### Records for this exercise

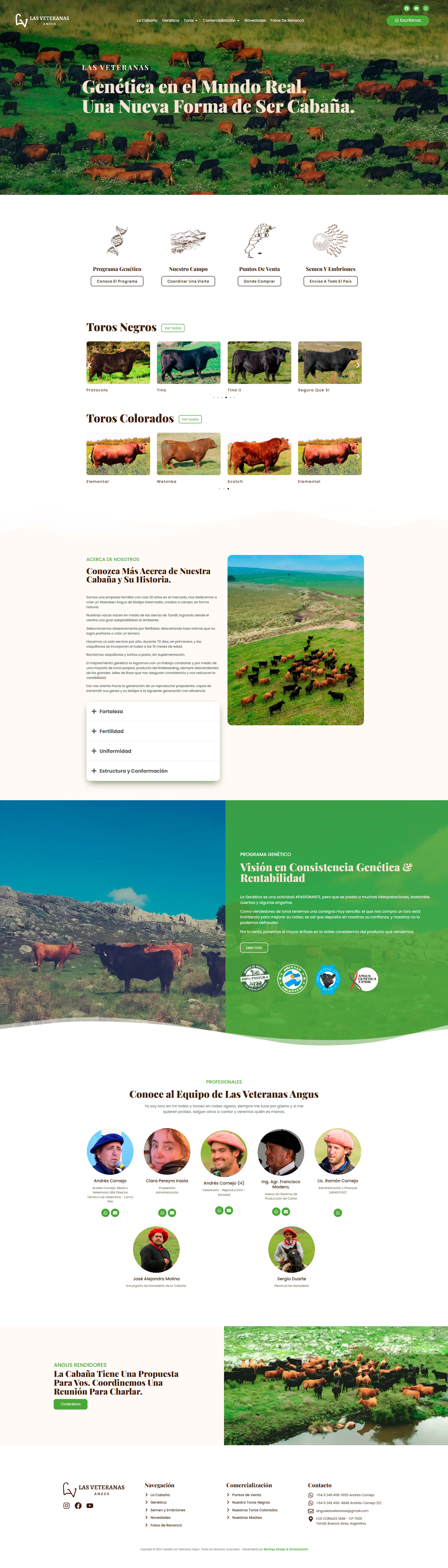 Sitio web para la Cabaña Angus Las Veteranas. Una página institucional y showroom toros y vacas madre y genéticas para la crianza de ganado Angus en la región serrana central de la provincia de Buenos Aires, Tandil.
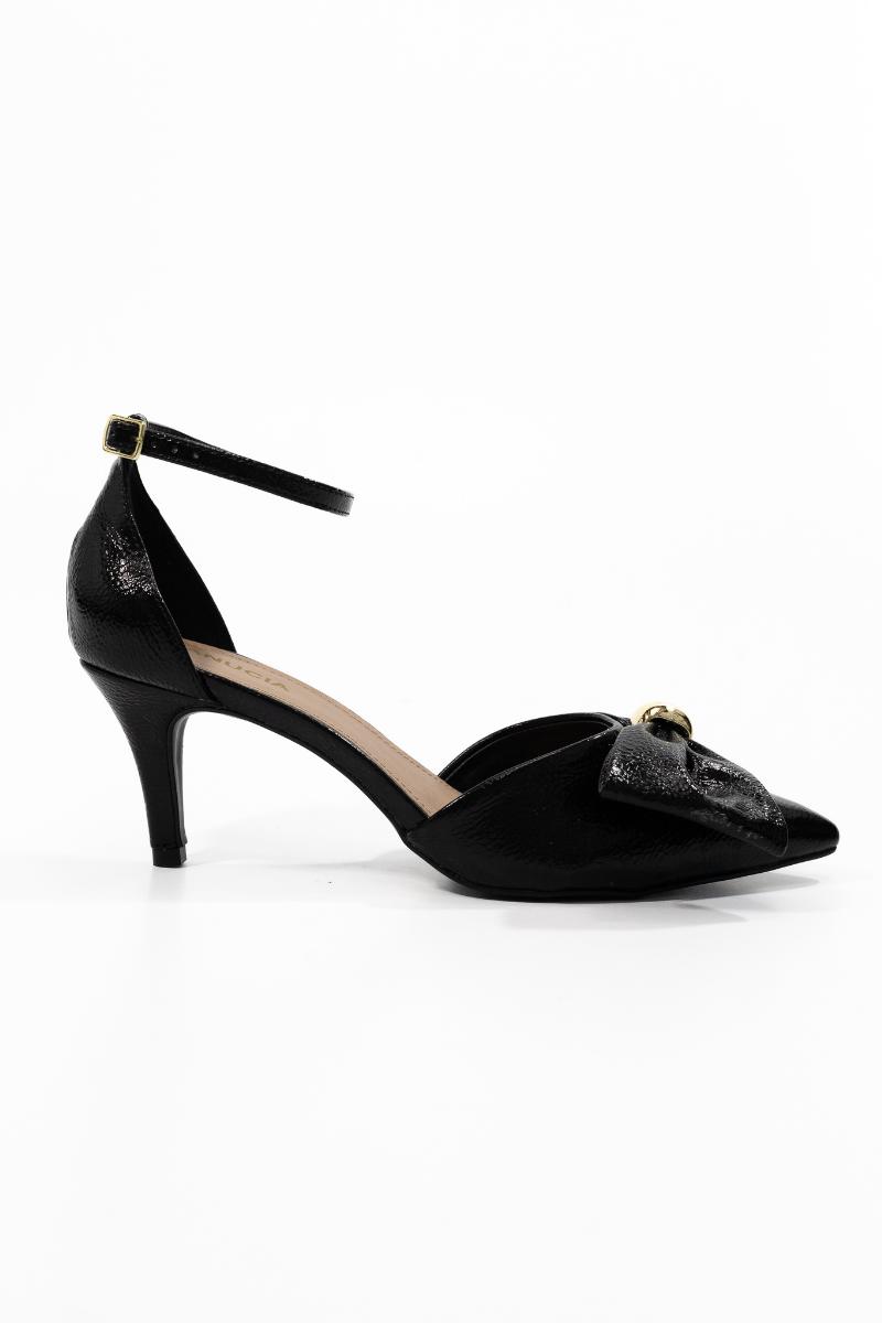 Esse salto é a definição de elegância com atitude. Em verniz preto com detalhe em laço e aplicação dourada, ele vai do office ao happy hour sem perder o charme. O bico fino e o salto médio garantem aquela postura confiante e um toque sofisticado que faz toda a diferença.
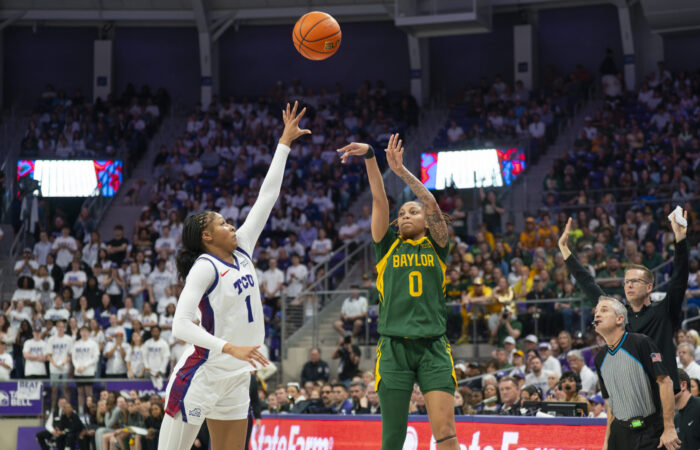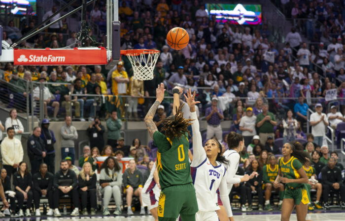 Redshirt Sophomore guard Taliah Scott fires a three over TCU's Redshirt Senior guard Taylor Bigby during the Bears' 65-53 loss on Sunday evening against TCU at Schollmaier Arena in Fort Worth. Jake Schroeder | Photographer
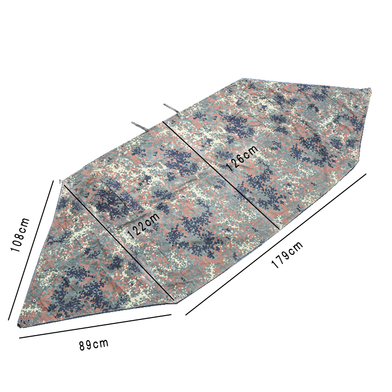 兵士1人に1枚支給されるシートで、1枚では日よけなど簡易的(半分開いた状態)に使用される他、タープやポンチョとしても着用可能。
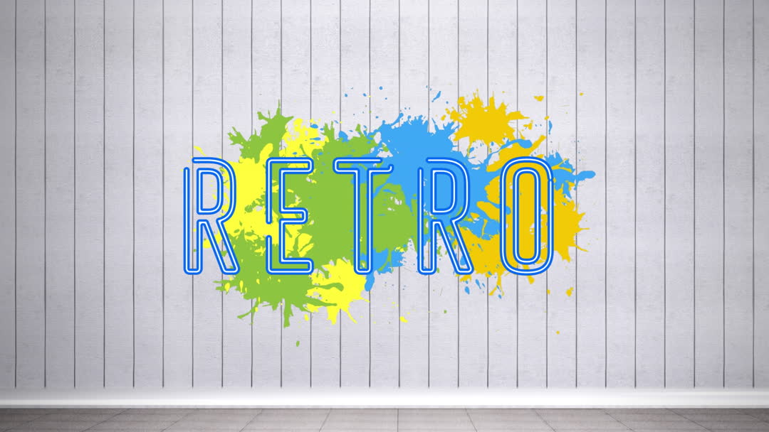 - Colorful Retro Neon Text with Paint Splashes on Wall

######
### Records for this exercise

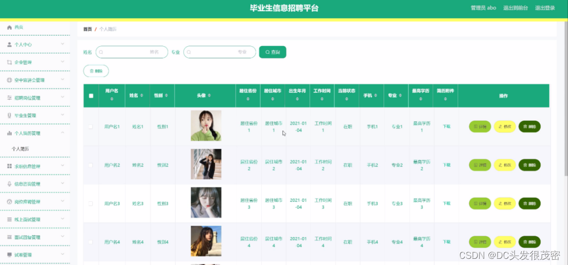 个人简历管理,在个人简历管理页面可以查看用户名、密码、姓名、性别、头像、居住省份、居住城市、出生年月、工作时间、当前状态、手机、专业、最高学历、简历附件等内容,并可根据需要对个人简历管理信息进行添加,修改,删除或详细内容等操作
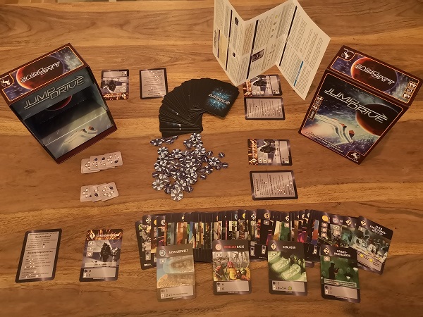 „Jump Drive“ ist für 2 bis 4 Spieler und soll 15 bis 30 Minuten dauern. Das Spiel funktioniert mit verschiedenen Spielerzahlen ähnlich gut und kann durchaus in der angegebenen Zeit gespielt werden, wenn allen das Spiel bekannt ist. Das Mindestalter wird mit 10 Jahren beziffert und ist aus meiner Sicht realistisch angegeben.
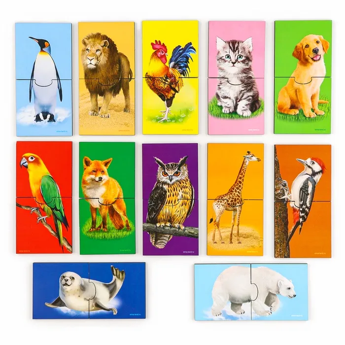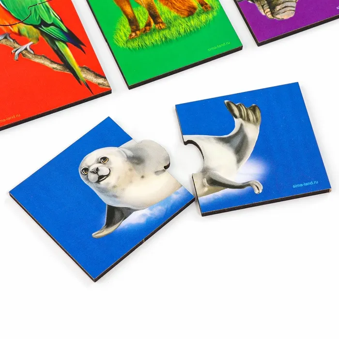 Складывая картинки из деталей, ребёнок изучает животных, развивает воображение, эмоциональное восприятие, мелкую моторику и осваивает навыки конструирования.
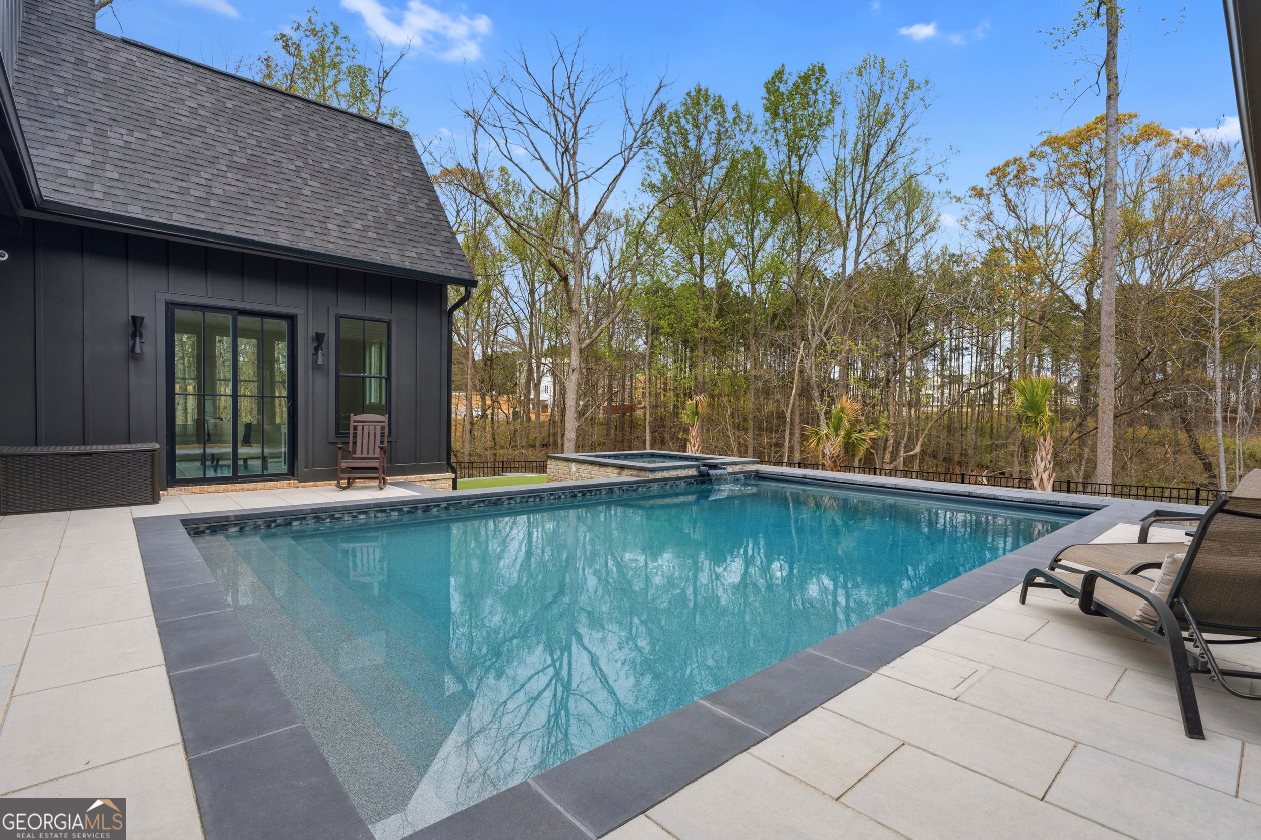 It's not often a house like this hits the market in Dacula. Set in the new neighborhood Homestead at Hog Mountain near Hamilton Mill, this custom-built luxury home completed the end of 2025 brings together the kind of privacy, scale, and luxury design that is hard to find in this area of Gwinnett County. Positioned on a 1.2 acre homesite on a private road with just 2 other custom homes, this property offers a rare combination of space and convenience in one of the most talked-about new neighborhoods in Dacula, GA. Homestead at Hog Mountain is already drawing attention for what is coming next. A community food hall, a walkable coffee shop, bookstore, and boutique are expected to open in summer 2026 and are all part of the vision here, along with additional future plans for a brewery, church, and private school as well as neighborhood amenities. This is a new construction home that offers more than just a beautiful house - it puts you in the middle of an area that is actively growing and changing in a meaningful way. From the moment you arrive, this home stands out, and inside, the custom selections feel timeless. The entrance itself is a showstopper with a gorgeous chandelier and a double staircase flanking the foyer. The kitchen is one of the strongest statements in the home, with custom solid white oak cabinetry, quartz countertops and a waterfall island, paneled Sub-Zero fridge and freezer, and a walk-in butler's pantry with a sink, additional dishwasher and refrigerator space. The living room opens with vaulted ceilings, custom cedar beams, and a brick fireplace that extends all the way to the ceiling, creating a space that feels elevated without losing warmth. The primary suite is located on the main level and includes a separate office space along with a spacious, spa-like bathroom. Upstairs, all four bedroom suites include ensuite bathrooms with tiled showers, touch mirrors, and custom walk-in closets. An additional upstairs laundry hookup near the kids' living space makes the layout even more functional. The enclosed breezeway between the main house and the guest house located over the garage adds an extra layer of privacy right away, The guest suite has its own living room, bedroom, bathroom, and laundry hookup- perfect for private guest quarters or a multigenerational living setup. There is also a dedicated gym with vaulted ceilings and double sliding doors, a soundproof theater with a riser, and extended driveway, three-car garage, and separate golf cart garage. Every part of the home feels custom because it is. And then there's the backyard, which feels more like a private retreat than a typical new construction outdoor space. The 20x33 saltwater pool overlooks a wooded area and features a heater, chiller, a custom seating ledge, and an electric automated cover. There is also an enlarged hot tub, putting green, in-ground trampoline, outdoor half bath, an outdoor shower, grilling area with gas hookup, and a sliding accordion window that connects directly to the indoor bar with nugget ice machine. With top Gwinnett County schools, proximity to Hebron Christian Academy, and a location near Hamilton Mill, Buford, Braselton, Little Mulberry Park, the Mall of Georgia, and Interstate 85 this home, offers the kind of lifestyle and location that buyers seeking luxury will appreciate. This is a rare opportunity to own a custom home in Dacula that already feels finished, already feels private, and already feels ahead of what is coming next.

######
### Records for this exercise

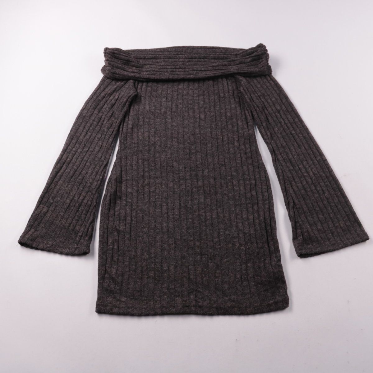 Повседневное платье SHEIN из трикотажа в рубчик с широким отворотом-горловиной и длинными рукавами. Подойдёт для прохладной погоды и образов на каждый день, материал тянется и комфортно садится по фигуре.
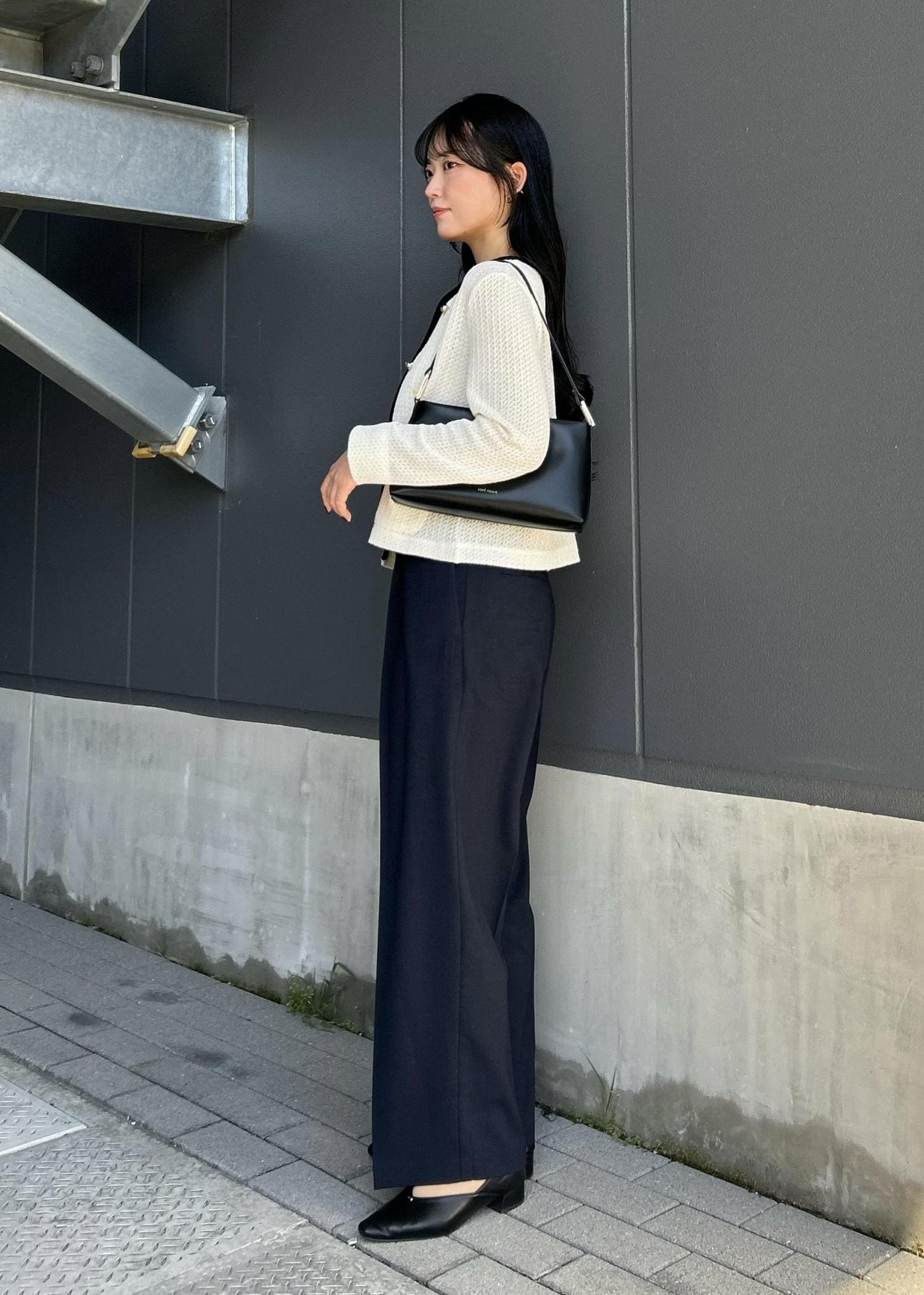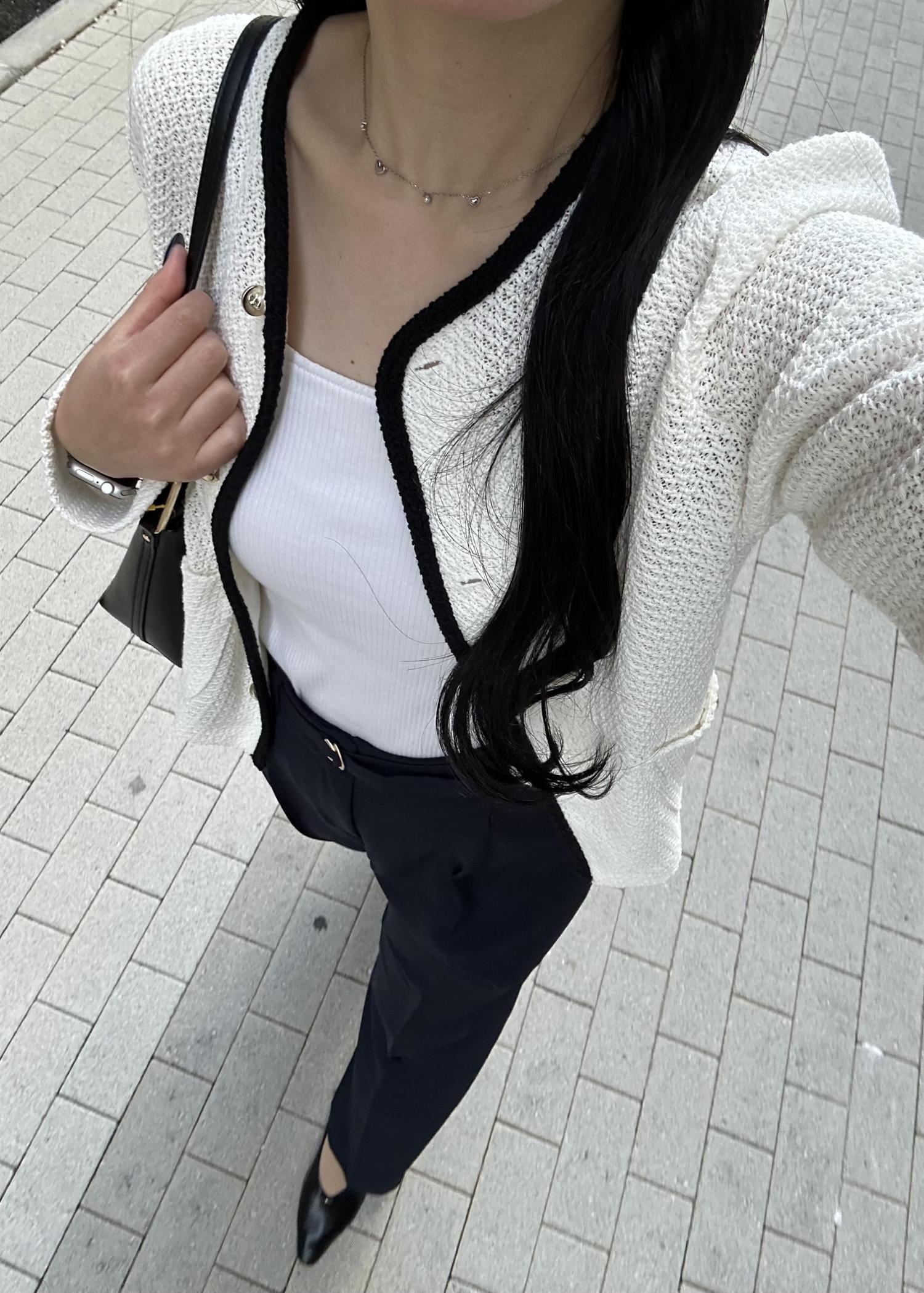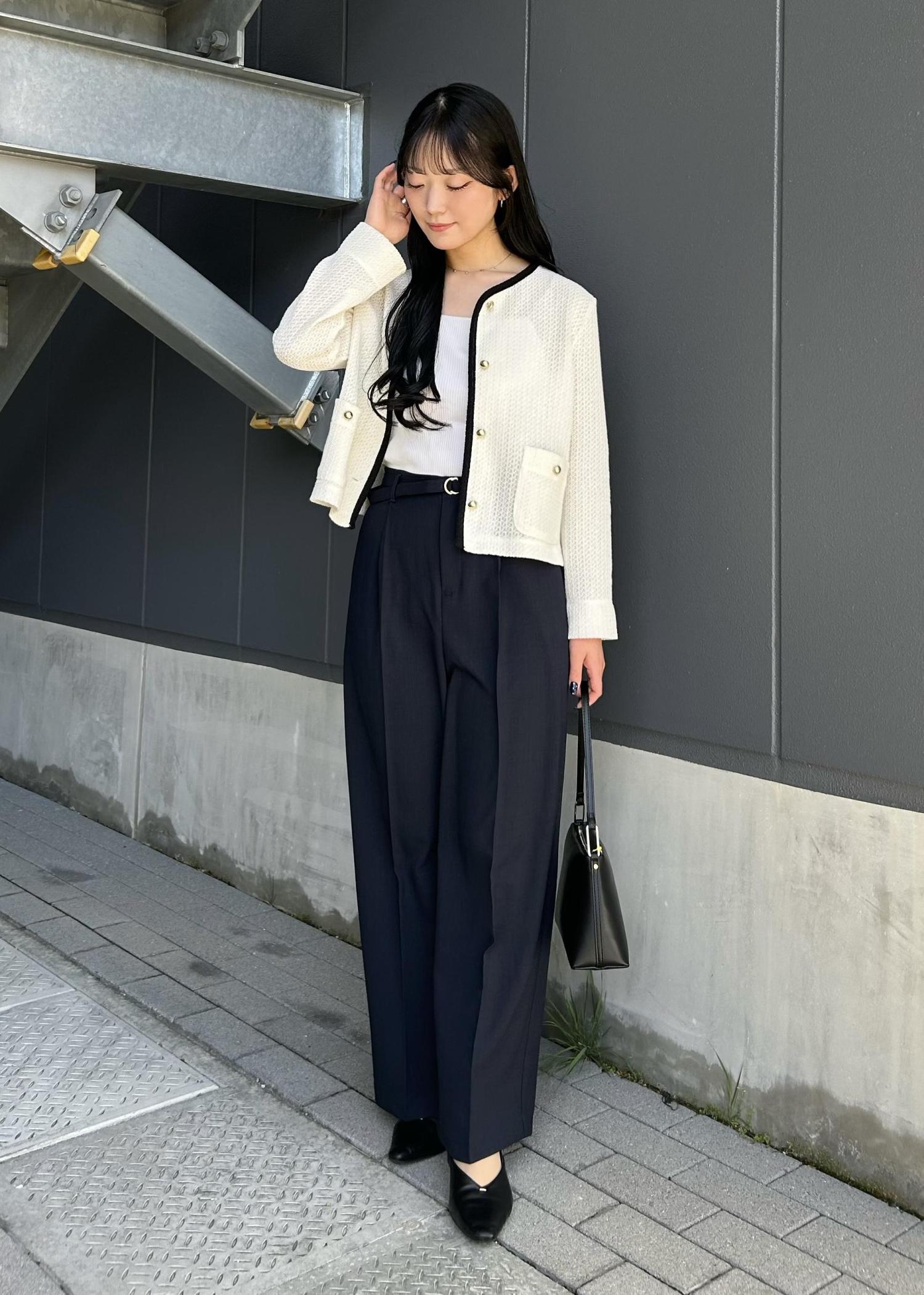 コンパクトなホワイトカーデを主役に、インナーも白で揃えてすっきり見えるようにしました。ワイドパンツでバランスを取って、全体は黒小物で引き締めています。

######

■ Task to carry out ■
Exact repeat of the material above: every line from the one with "兵士1人に1枚支給されるシー" through the one with "- Colorful Retro", endpoints included, and nothing more. No pictures.

■ Result of this task ■
 兵士1人に1枚支給されるシートで、1枚では日よけなど簡易的(半分開いた状態)に使用される他、タープやポンチョとしても着用可能。
 - Colorful Retro Neon Text with Paint Splashes on Wall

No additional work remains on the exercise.